Background: Sexual behaviors expose men to pathogens that may cause urethritis, but their frequency and sequence are understudied. We estimated the incidence of sexual behaviors and describe their sequence.
Methods: Heterosexual men ≥16 years attending the Seattle STD Clinic enrolled and returned for 6 monthly clinic visits, including clinic exam, specimen collection, and computerized self-interview. Nongonococcal urethritis (NGU) was defined as symptoms or urethral discharge plus ≥5 PMNs/HPF. Electronic diaries describing daily sexual exposures within the past 14 days were submitted every 2 weeks. Poisson regression with robust error variance yielded incidences and confidence intervals (CI).
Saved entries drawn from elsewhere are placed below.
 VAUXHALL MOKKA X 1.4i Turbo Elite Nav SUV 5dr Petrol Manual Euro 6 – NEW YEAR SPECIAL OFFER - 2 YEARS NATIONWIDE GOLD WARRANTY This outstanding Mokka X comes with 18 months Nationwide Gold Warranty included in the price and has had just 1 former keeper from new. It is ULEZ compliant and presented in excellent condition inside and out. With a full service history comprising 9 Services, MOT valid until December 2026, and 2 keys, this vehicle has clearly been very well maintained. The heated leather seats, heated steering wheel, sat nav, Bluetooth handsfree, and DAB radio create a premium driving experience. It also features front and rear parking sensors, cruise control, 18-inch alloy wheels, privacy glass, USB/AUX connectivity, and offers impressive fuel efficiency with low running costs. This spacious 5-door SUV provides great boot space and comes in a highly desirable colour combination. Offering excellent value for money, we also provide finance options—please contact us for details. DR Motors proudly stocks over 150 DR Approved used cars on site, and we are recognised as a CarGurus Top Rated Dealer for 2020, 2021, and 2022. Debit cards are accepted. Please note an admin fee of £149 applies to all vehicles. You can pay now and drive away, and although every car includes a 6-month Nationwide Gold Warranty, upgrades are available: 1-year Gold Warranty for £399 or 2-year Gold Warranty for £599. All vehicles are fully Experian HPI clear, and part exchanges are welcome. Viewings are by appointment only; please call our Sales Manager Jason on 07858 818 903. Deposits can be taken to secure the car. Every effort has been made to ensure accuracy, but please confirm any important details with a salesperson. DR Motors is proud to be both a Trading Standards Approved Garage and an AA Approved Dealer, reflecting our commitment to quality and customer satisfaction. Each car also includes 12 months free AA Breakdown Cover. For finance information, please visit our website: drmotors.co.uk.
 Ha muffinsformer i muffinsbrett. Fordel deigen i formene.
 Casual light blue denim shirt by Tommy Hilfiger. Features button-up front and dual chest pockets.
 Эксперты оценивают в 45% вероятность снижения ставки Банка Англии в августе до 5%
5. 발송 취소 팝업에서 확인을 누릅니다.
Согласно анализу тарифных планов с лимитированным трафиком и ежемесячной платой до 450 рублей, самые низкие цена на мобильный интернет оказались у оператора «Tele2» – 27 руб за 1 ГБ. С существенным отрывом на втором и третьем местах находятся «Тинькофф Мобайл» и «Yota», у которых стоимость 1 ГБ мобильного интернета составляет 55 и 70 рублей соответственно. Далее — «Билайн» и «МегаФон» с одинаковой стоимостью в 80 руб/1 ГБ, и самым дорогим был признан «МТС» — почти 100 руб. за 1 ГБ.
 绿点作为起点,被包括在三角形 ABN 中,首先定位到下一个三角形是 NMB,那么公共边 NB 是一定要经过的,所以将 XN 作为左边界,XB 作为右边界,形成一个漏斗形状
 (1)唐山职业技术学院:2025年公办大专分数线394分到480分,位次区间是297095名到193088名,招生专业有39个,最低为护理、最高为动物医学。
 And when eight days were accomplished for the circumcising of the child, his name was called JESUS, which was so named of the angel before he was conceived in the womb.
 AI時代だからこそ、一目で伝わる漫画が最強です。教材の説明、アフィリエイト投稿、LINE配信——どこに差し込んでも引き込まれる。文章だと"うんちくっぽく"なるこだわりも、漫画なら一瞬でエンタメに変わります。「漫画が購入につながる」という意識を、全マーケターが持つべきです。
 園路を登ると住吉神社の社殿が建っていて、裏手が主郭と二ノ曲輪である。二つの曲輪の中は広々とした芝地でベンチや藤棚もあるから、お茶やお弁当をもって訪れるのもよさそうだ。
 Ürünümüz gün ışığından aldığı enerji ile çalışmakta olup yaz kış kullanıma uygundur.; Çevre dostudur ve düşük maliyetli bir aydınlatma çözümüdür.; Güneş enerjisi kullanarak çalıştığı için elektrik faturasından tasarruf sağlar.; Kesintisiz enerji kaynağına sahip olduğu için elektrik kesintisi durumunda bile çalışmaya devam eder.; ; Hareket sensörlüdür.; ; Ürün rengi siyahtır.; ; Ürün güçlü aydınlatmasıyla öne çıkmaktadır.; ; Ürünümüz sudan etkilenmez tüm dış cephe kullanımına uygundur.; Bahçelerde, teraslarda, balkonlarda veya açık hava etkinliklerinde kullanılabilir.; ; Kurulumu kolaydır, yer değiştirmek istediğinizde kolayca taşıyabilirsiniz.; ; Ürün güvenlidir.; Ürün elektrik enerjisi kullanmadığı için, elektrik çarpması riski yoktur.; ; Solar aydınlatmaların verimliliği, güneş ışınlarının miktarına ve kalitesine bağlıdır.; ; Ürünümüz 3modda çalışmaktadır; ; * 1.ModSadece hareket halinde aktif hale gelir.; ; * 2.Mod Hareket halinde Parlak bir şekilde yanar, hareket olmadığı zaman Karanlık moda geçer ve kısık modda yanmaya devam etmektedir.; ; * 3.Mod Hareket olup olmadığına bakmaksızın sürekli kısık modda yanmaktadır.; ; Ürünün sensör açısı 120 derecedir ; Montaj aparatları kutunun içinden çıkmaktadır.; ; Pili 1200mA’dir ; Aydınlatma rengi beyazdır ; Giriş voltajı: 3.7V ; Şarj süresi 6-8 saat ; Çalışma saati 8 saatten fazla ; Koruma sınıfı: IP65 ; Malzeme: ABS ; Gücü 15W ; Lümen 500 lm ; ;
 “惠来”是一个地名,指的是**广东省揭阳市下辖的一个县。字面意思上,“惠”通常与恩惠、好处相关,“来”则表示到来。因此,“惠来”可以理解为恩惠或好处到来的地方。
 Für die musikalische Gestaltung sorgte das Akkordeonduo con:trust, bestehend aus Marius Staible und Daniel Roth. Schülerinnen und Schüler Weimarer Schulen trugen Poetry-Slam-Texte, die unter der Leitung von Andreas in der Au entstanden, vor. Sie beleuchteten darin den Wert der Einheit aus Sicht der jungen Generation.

Results: From 8/2014–3/2016, 110 men completed 947 diaries reporting on 13,258 diary-days. At enrollment, mean age was 31.7; 68% were White, median number lifetime partners was 15 (IQR=9-37), and 45 men (41%) had NGU. The median number diaries per man was 10 (IQR=4-13) and sexual activity occurred a median of 8% of diary-days per man (IQR=4-16%). Incidence of any sex was 0.86 per person-week (ppwk) (95% CI=0.73-1.02). Vaginal sex occurred most frequently (0.80 ppwk; 0.67-0.96), followed by receipt of oral sex, (0.46 ppwk; 0.36-0.58) and anal sex (0.04 ppwk; 0.02-0.07). Receiving rimming was rare (0.01 ppwk; 0.00-0.02). Although most days with sex (67%) involved >1 behavior, vaginal sex alone occurred in 28.6% of episodes and receipt of oral sex alone in 3.1%. The most common sequence of behaviors per episode was hand-to-genital contact, receipt of oral sex, then vaginal sex (27.9%). Vaginal sex was preceded by hand-to-genital contact in 14.5% and by receipt of oral sex in 8.5%. Anal sex alone occurred rarely (0.44%) and usually last in sequences. Condoms were used in 28.8% of vaginal and 11.8% of anal sex.
Conclusions: Multiple sexual exposures per episode were frequent but condom use was infrequent. Individual male urethral microbiomes are often exposed simultaneously to oral and vaginal bacteria.